The amount of minuses a person can deal with without collapsing is measured by their Pain Level. Whenever you accumulate enough penalties due to pain, exhaustion, or both that is equal to your pain level, or receive any one wound that has a pain penalty greater than or equal to half of your pain level, you must roll a d6. On a 1, you collapse to the ground incapacitated. On a 2, you collapse to your knees in agony, and next round you may perform no action (although you still have your defense). On a 3, you're stunned because of the pain, and while you're still standing and have your defense, you may do nothing next round. On a 4-6, you grimace and bear it. If you are at or over your pain resistance, any wound other than superficial will cause you to make the above roll. If at any time your minuses due to pain and exhaustion are greater than one and a half times your pain resistance you immediately collapse.

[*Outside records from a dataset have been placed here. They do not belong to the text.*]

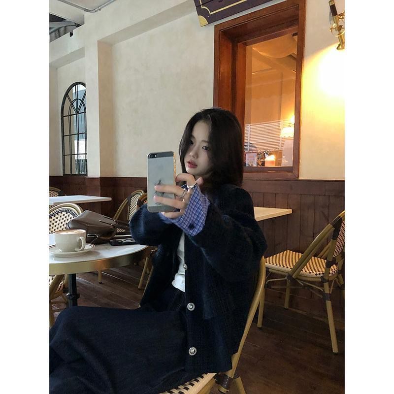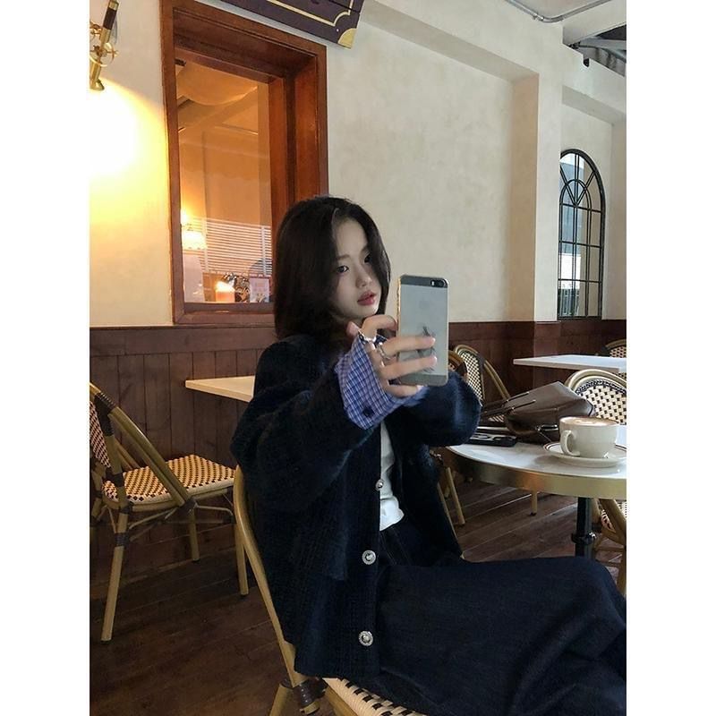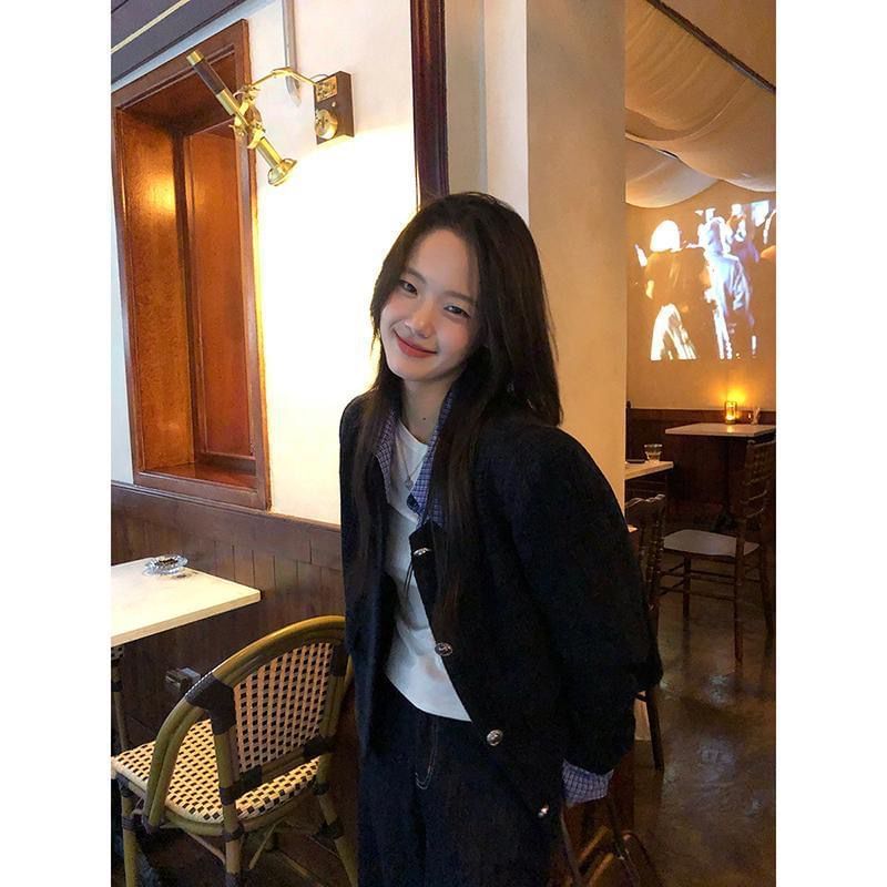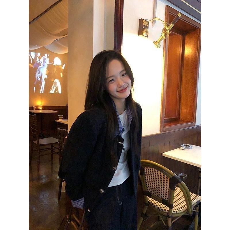 Mock Two-Piece Collared Plaid Panel Button-Up Tweed Crop Jacket
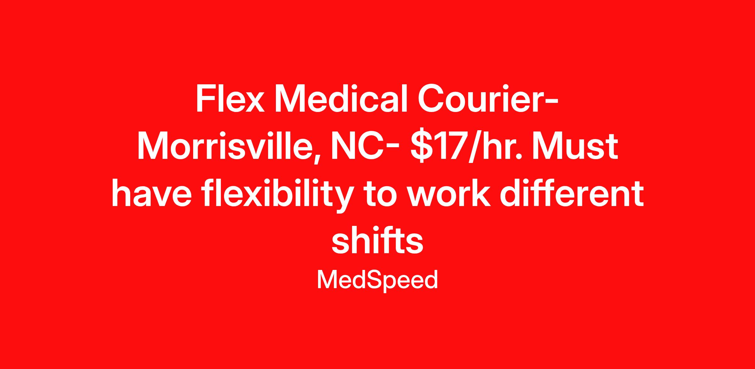 Flex Medical Courier-Morrisville, NC- $17/hr. Must have flexibility to work different shifts
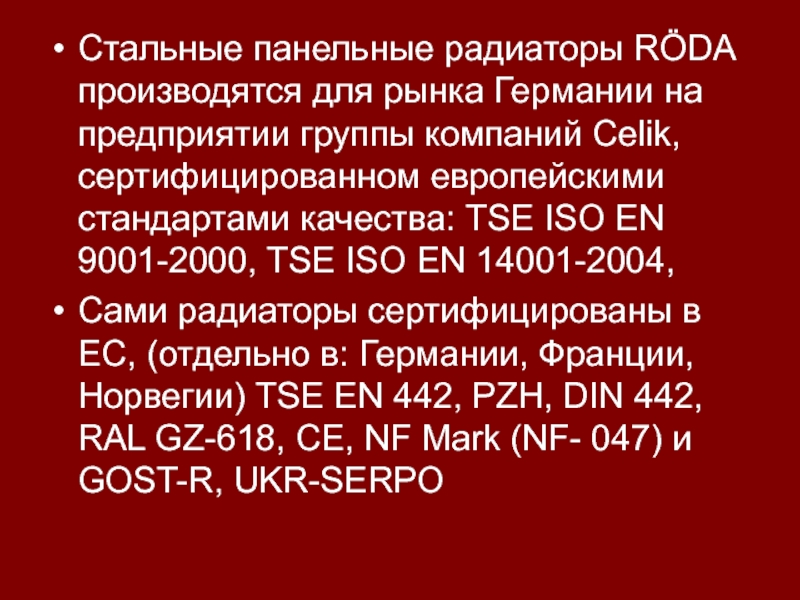 Слайд 8Стальные панельные радиаторы RÖDA производятся для рынка Германии на предприятии группы
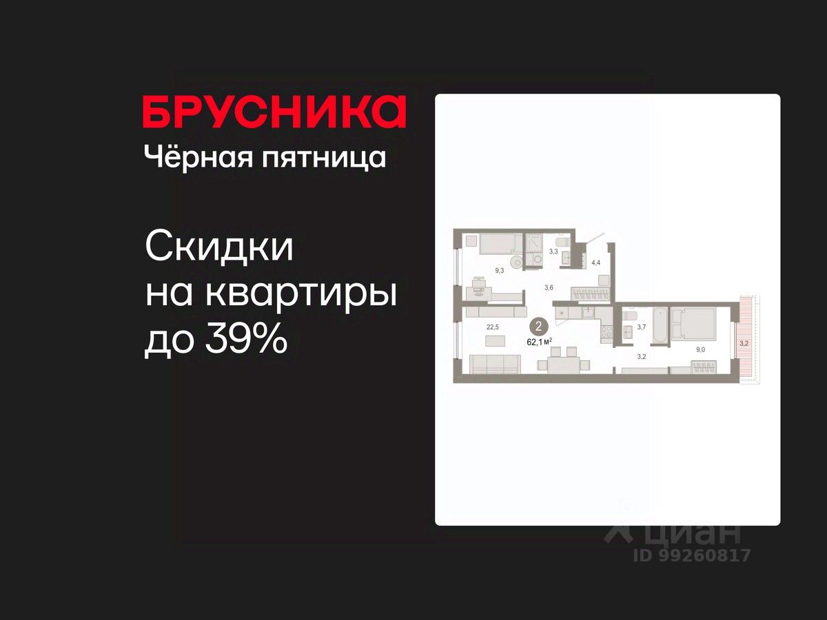 Квартира с кухней-гостиной и двумя спальнями в Октябрьском на Туре. Особенности планировки: второй санузел, вид во двор, разнесённые спальни, предчистовая отделка, терраса на крыше.
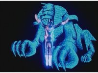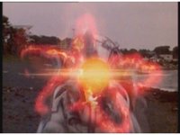 Reddish streaks of energy slam repeatedly into Mace Face, releasing yellow light with each strike, zoom out as monster curls up and warps into ball mode again. |
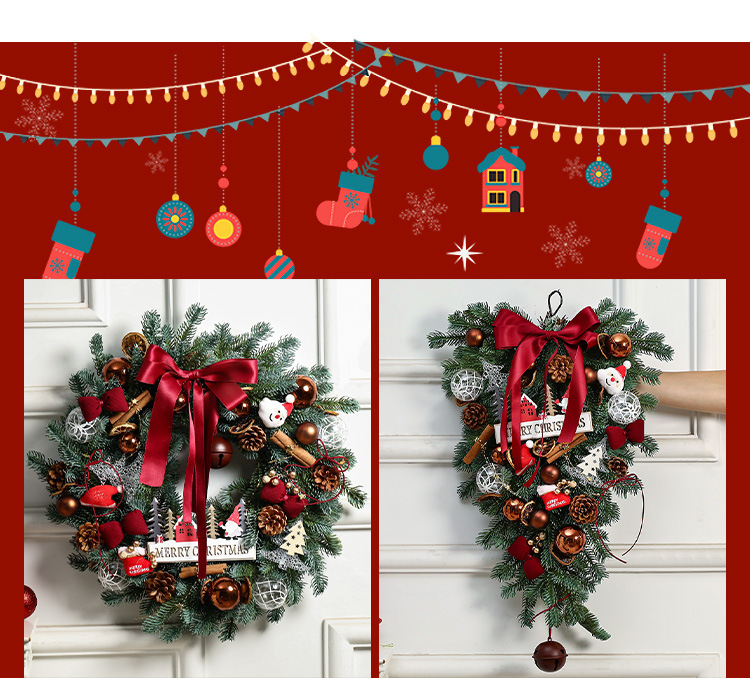 【时尚独特的设计❗️点亮你的圣诞夜】圣诞节装饰品创意圣诞花环门挂藤条橱窗氛围场景布置圣诞树挂件。ja
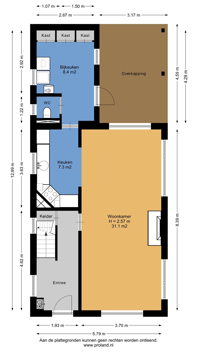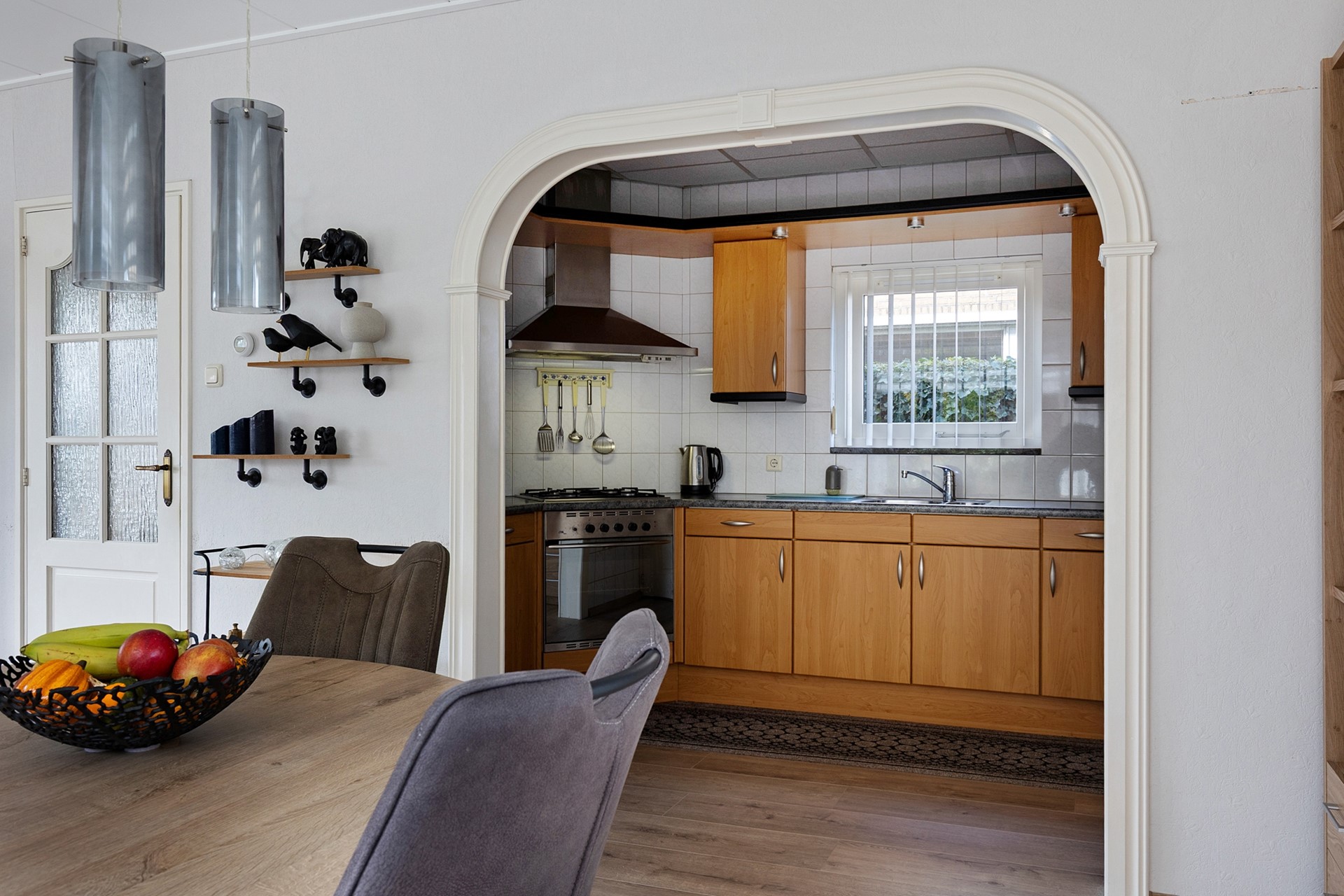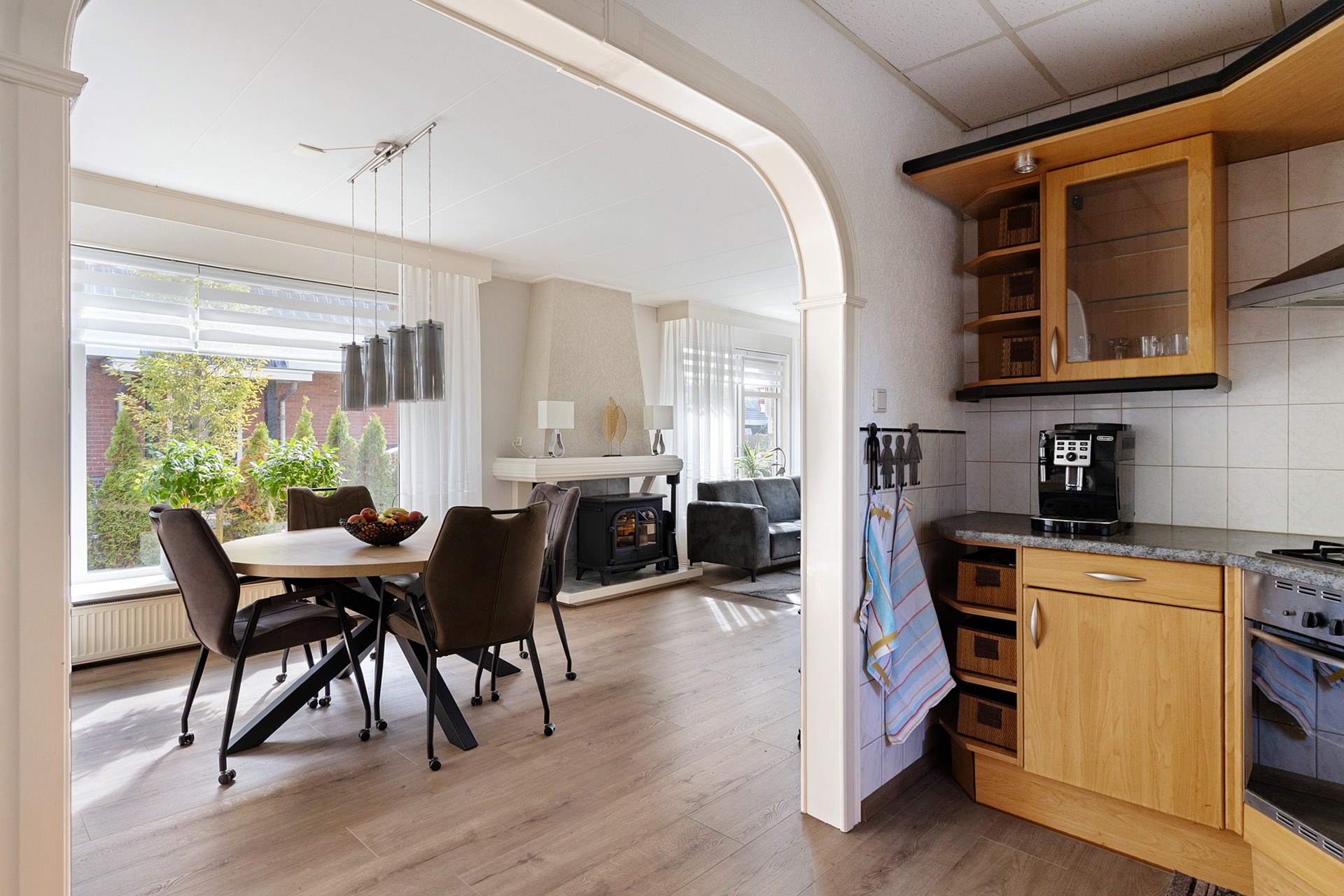 Entree, lichte woonkamer met plek voor een gezellige zithoek en eethoek, keuken met toegang tot de bijkeuken en het toilet.
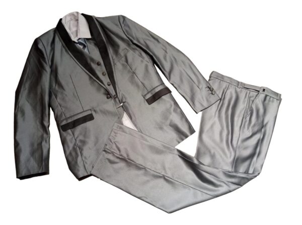 Il completo si asrticola di : giacca, pantalone, gillet, cravatta e camnicia in colore bianco.
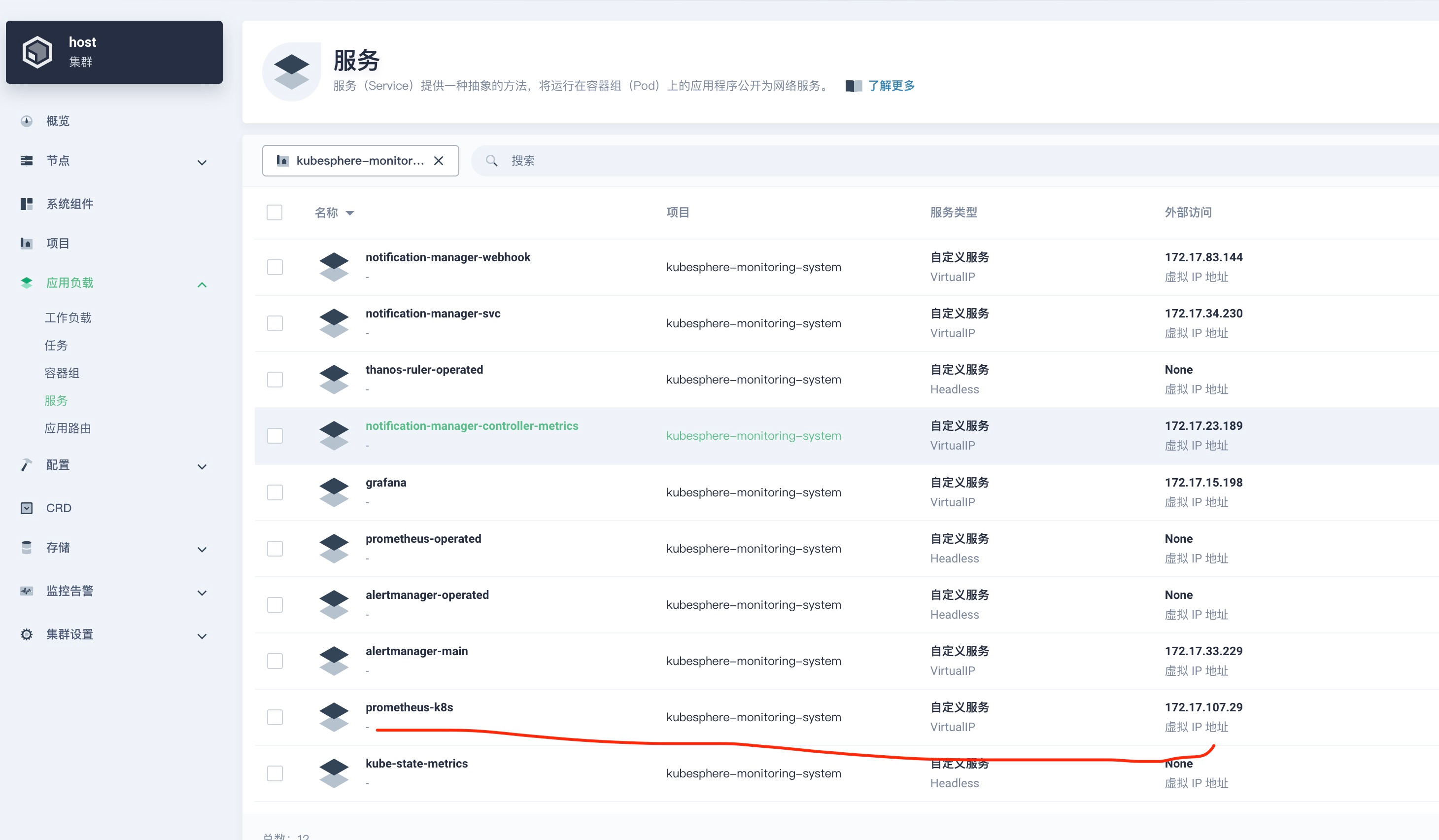 我们可以在集群中的如下地址找到 KubeSphere 系统集成的 Prometheus 服务,如图所示
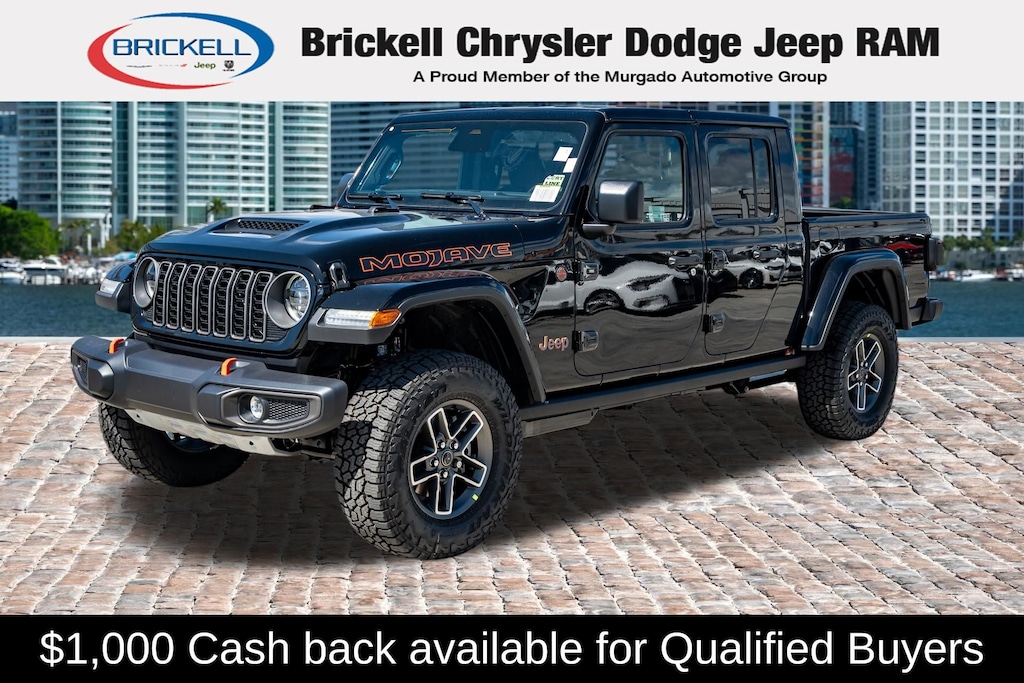 Price includes: $1000 - 2026 National Retail Bonus Cash . Exp. 04/30/2026 Discover Your Next Vehicle at Brickell Chrysler Dodge Jeep Ram Welcome to Brickell CDJR, where we go beyond selling cars. We double the factory powertrain warranty, giving you added peace of mind. Our dealership offers one of the largest new car inventories in the region, ensuring you find the right vehicle Prices displayed do not included our Perma-plate. Our state-of-the-art service department is the largest in the country and is open seven days a week from 7 AM to 9 PM. Visit us at 701 SW 8th St, Miami, FL 33130, or call 305-777-2800 to learn more and schedule a test drive. The displayed price includes an incentive for financing with Brickell CDJR Finance Company. Outside financing and bank drafts are not accepted. All pre-owned vehicle exports are subject to an export fee. Prices apply only to customers who live, work, or worship in Broward, Miami-Dade, Palm Beach, Monroe, Collier, Hendry, Lee, Glades, Martin, St. Lucie, Okeechobee, Manatee, Hillsborough, Osceola, or Orange County. Customers outside these counties will pay an additional $ Taxes, title, registration, and dealer fees apply. Factory MSRP: $45,035 Granite Crystal Metallic Clearcoat 2026 Jeep Gladiator Sport 4WD 8-Speed Automatic 3.6L V6 24V VVT

When a character takes damage, serious bleeding may result. The DM will tell you how much you are bleeding (a number usually from 1 to 5), and every round you keep a running total, adding the amount you are bleeding. For every 10 points, you suffer a -1, due to feeling weak and dizzy. This is treated as any normal pain minus (see above). If you're resting, you may halve the amount you are bleeding. Pain minuses accumulate by normal rounding, i.e., for every 5 points of bleeding you take, your minus rounds up to the next whole number. Thus, if you’ve bled 5 points, you are under a -1; if you’ve bled 15 points, you’re under a -2, etc.
After combat, shock can set in. A character will have to roll against shock any time they take in excess of a -10. There are two types of shock a severely hurt character can go into; minor shock, which will incapacitate the character for a few hours or days, and Death Shock, which the character can die from in a few hours in they fail their saving rolls. Shock is a serious matter, and the presence of a skilled medic or the Attribute Shock Resistant can be a lifesaver.
There are two things which can kill a character instantly. One is taking, from one source, 2x the character’s Pain Level in minuses at once. Fortunately, things that do such huge minuses all at once are relatively rare. The second thing which can kill a character instantly is an Instant Kill critical wound effect. Certain wounds in certain vital areas have a percentage chance of killing instantly; if the player rolls withing that chance, the character is instantly killed.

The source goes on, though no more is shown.